Correction to This Article
A Nov. 13 Business article incorrectly said Ireland was the first country in the industrialized world to fall into recession during the current economic crisis. Denmark entered recession before Ireland.

Celtic Tiger Chained By Europe

Washington Post Staff Writer
Thursday, November 13, 2008; Page D01

DUBLIN When Ireland entered the world's most ambitious economic alliance -- the European Union -- the Celtic Tiger roared to life. Membership in Europe's private club, along with the subsequent adoption of the euro, lured scores of multinational companies to this country and ushered in an unprecedented era of growth.

But as Ireland faces its worst recession in a quarter-century, the policies and institutions that bind the European Union now represent some of the country's biggest obstacles to recovery.

The global credit crunch has silenced the construction cranes that transformed Dublin from a sleepy backwater to a major financial center.
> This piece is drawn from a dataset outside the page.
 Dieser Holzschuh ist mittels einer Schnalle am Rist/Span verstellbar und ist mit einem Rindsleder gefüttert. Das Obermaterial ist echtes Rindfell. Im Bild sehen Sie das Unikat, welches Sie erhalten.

Yet the Irish are finding they have fewer and fewer ways to get them started again.

In surrendering monetary policy to the European Central Bank and agreeing to meet specific budget targets, Ireland and other E.U. countries are now handicapped in their ability to craft responses to specific economic challenges. As a result, economists say, the recession in Europe is likely to be even deeper, and last longer, than the one in the United States, making it more difficult for the global economy to bounce back quickly.
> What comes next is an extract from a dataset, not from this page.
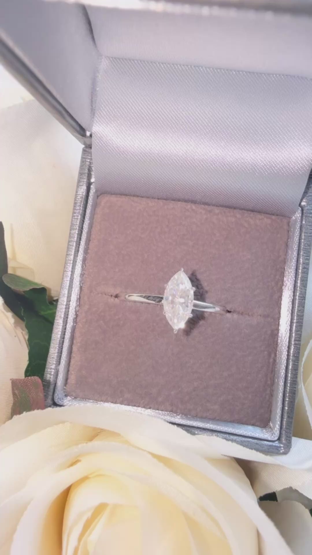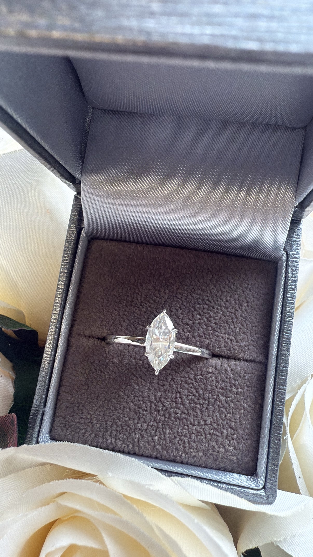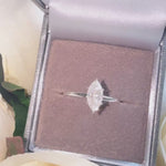 Marquise Moissanite Sterling Silver Ring with Hidden Halo

"The structural problems in the United States are on an order of magnitude less than in Europe," said Constantin Gurdgiev, an economist and research director of NCB Stockbrokers in Dublin. "Ireland is now the litmus test for the European model -- a test of whether it will work or whether it won't."

Seeking solutions, European leaders will converge in Washington on Saturday for a global economic summit, pushing sweeping reforms of the world financial system. Pressing for everything from global guidelines on executive pay to universal accounting standards, they are calling on the United States and other major nations to sign on to their plan within 100 days.

Their urgency stems from the fast-deteriorating economic picture at home. While the United States is set to shrink by 1 percent in 2009, the 27 E.U. nations may contract by an average of 1.4 percent, according to Tom Mayer, chief economist for Deutsche Bank in London. The former dynamos of the region, including Ireland and Spain, appear likely to be hit hardest, with unemployment in Ireland already at an 11-year high and, analysts predict, likely to get much worse.

Before the global downturn, the country had emerged as a beacon for foreign companies -- particularly those in the United States -- eager to tap rich European consumers. Ireland benefited from being the only English-speaking nation in the euro zone. But it also greased the wheels of growth by offering companies lucrative incentives and among of the lowest corporate tax rates in the world. From 1995 to 2007, the Irish economy grew at a blistering average of 7.5 percent a year.

That growth was most visible on the Dublin riverfront, where a new breed of developers transformed this city of cozy pubs with a slew of new luxury condos, wine bars and grade-A office space. Fueled by low interest rates on euro loans and a flood of Eastern European immigrants who came to work in the sprouting restaurants and factories of Dublin, Cork and Shannon, house prices in some areas of Ireland jumped as much as 500 percent in a decade.

"The problem, you see, is that things got out of hand," said Mike Wallace, a developer who sports white rock-star hair and an earring. "The money was too cheap, and incentives to build too great. The effect was the opposite of European integration. We became more like America and less like Europe. That has got to change."

Today, Wallace has three prime parcels of land that he'd like to build on. Despite a national housing glut, the properties are in highly coveted areas, but most banks are refusing to lend. Banks that are willing to do so are charging interest rates -- once so low as to promote overbuilding -- that are too high to make any building project worthwhile. "We can't seem to get it just right," he said.

Part of the problem is that European monetary policy, which once worked in favor of fast growth in Ireland, is now working against it. Over the past decade, analysts say, European Central Bank interest rates were probably too low for the likes of Ireland, contributing to a massive credit bubble here that has all but collapsed in recent months.